Problem description: Please return all of the records verbatim, with the pictures omitted.
◆ ◆ ◆ ◆
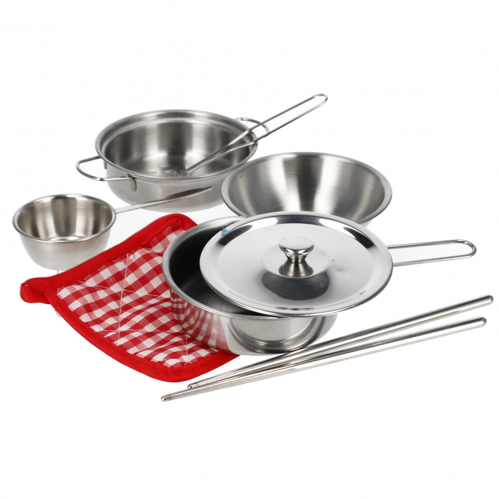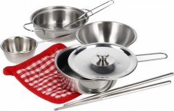 Zabaven otroški kuhinjski set za male kuharje od 3 let. Vsebuje lonce s pokrovom, skledo, zajemalko, krpo in palčke za igro kuhanja. Idealno za razvoj domišljije, fine motorike in igre vlog v otroški kuhinji.
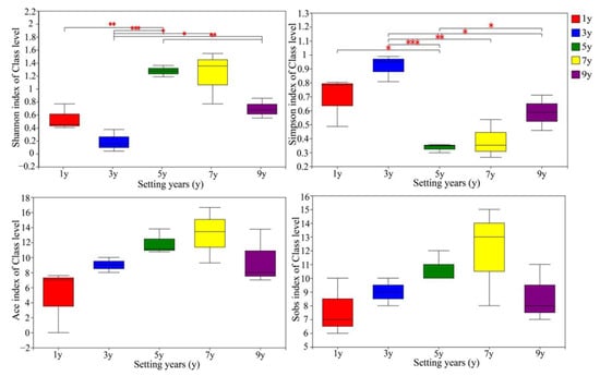 The Shannon index and Simpson index were used to reflect the diversity of the fungal community, while the Sobs index and Ace index were used to reflect the richness of the fungal community. The statistical results of the Alpha diversity index (as shown in Figure 5) showed that the Sobs and Ace indexes of the fungal community with different setting years showed a trend of first increasing and then decreasing with the increase in setting time. The Shannon index ranged from 0.19 to 1.27, and there were significant differences in the Shannon index values among groups of different years (p < 0.05), whereas there were no significant differences in the diversity between one year of installation and three, five, and seven years of installation (p > 0.05). The Simpson index values ranged from 0.33 to 0.92 for different setting years of S. psammophila sand barriers, and the Simpson index of community dominant degree setting for three years was significantly different from that of five, seven, and nine years (p < 0.05).
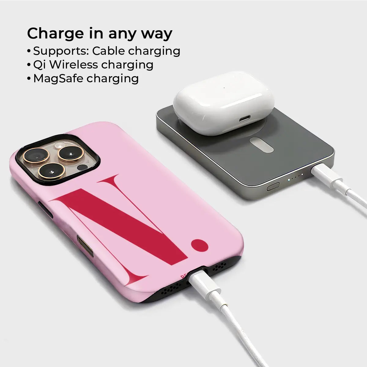 Bold, confident, and effortlessly polished, the Nicole phone case turns a classic initial into a statement of modern elegance. Featuring a rich crimson-red base paired with a soft blush “N,” this design captures attention while maintaining a refined, feminine balance.
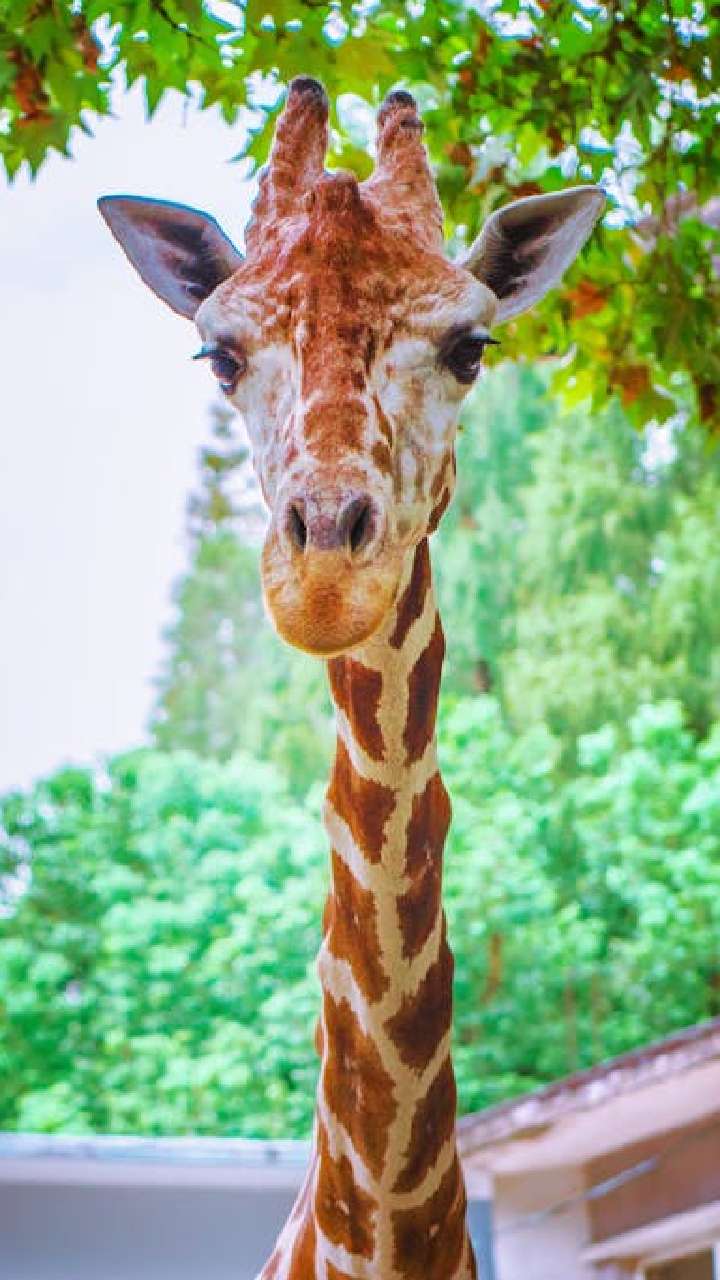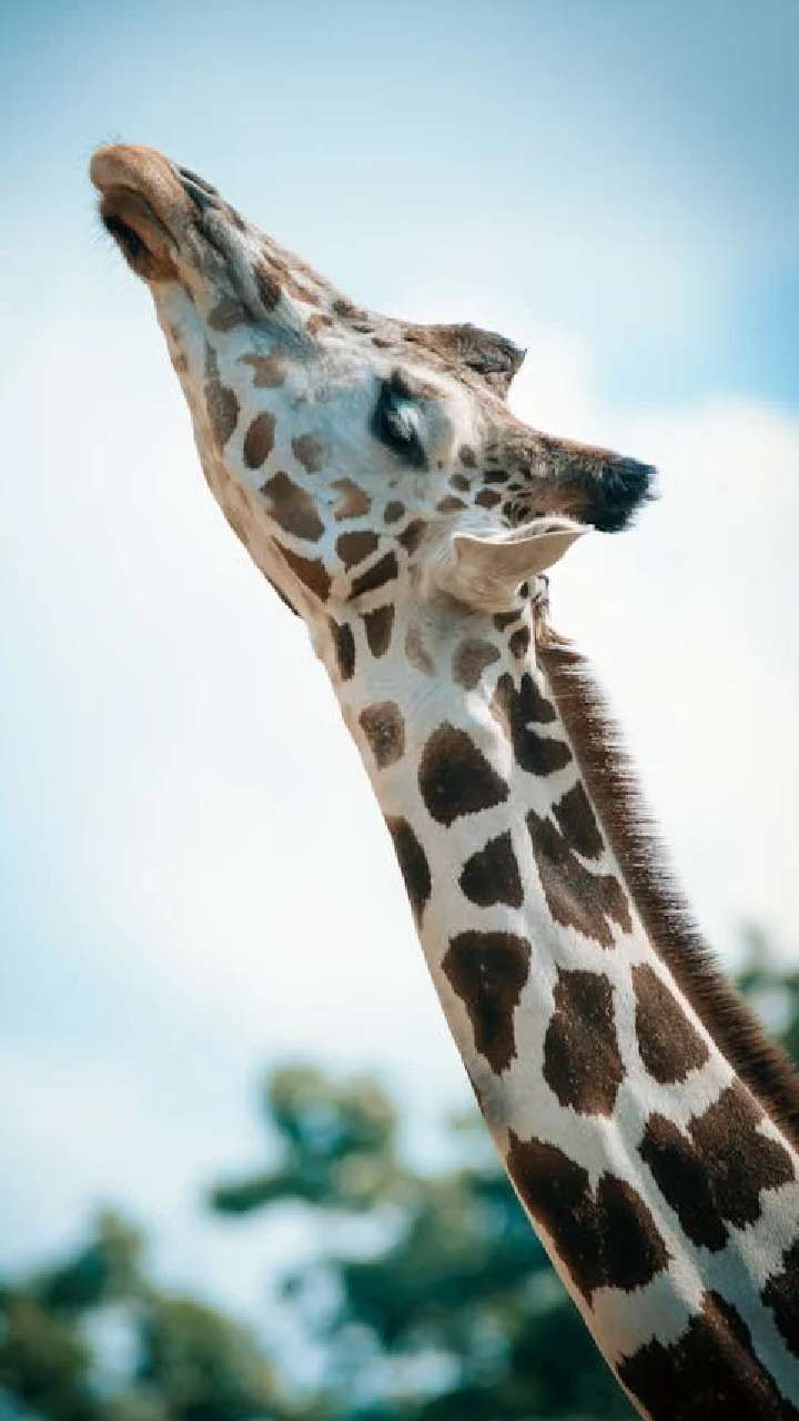 The tallest mammal with a long neck. They use their height to reach tree leaves. Their tongue is long enough to grab leaves easily.
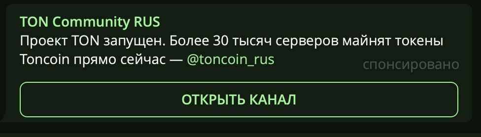 В прошедшие выходные в крупных Telegram-каналах стали появляться официальные рекламные посты. При этом минимальный бюджет за 1000 показов составляет €2 млн (половина тратится сразу на рекламу, а вторая половина списывается, если не достигается порог минимальных трат в размере €10 млн).
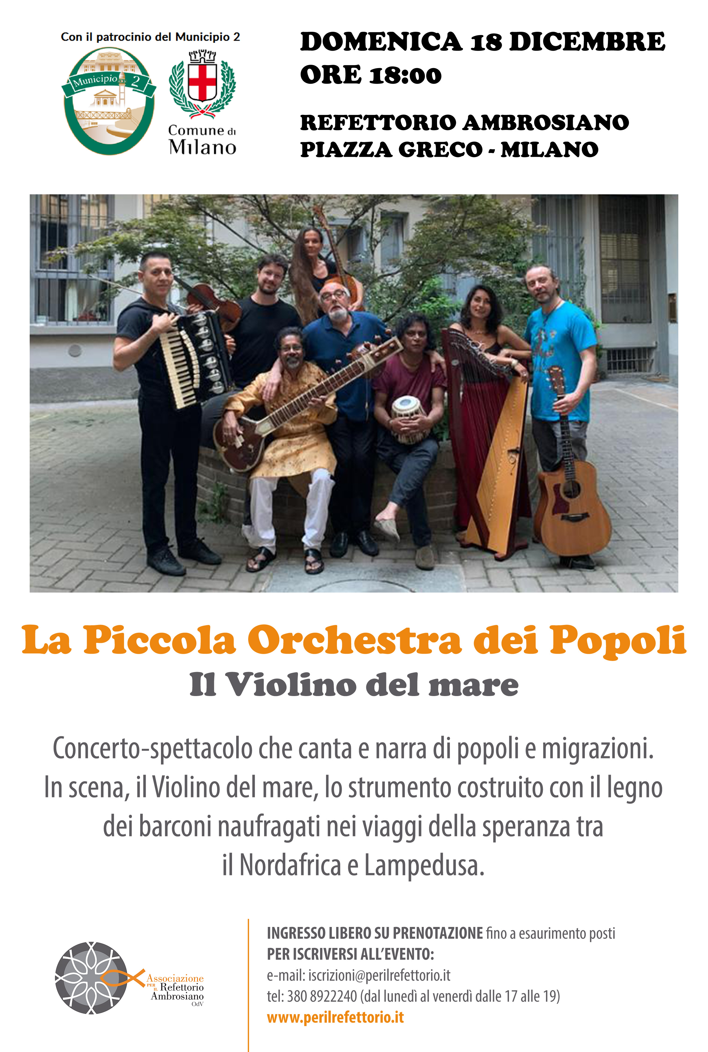 Milano, 10 dicembre 2022 - Domenica 18 dicembre 2022 alle ore 18:00, al Refettorio Ambrosiano di piazza Greco 11, arriva la Piccola Orchestra dei Popoli con Il violino del mare: una serata di musica, danza, letture e proiezioni, che narra le migrazioni di poli diversi del mondo attraverso i brani della propria tradizione musicale, suonati da musicisti di diverse nazionalità, con il violino costruito con il legno dei barconi naufragati a Lampedusa. La direzione artistica è affidata a Ciro Menale.
◆ ◆ ◆ ◆
Solution for this problem:
 Zabaven otroški kuhinjski set za male kuharje od 3 let. Vsebuje lonce s pokrovom, skledo, zajemalko, krpo in palčke za igro kuhanja. Idealno za razvoj domišljije, fine motorike in igre vlog v otroški kuhinji.
 The Shannon index and Simpson index were used to reflect the diversity of the fungal community, while the Sobs index and Ace index were used to reflect the richness of the fungal community. The statistical results of the Alpha diversity index (as shown in Figure 5) showed that the Sobs and Ace indexes of the fungal community with different setting years showed a trend of first increasing and then decreasing with the increase in setting time. The Shannon index ranged from 0.19 to 1.27, and there were significant differences in the Shannon index values among groups of different years (p < 0.05), whereas there were no significant differences in the diversity between one year of installation and three, five, and seven years of installation (p > 0.05). The Simpson index values ranged from 0.33 to 0.92 for different setting years of S. psammophila sand barriers, and the Simpson index of community dominant degree setting for three years was significantly different from that of five, seven, and nine years (p < 0.05).
 Bold, confident, and effortlessly polished, the Nicole phone case turns a classic initial into a statement of modern elegance. Featuring a rich crimson-red base paired with a soft blush “N,” this design captures attention while maintaining a refined, feminine balance.
 The tallest mammal with a long neck. They use their height to reach tree leaves. Their tongue is long enough to grab leaves easily.
 В прошедшие выходные в крупных Telegram-каналах стали появляться официальные рекламные посты. При этом минимальный бюджет за 1000 показов составляет €2 млн (половина тратится сразу на рекламу, а вторая половина списывается, если не достигается порог минимальных трат в размере €10 млн).
 Milano, 10 dicembre 2022 - Domenica 18 dicembre 2022 alle ore 18:00, al Refettorio Ambrosiano di piazza Greco 11, arriva la Piccola Orchestra dei Popoli con Il violino del mare: una serata di musica, danza, letture e proiezioni, che narra le migrazioni di poli diversi del mondo attraverso i brani della propria tradizione musicale, suonati da musicisti di diverse nazionalità, con il violino costruito con il legno dei barconi naufragati a Lampedusa. La direzione artistica è affidata a Ciro Menale.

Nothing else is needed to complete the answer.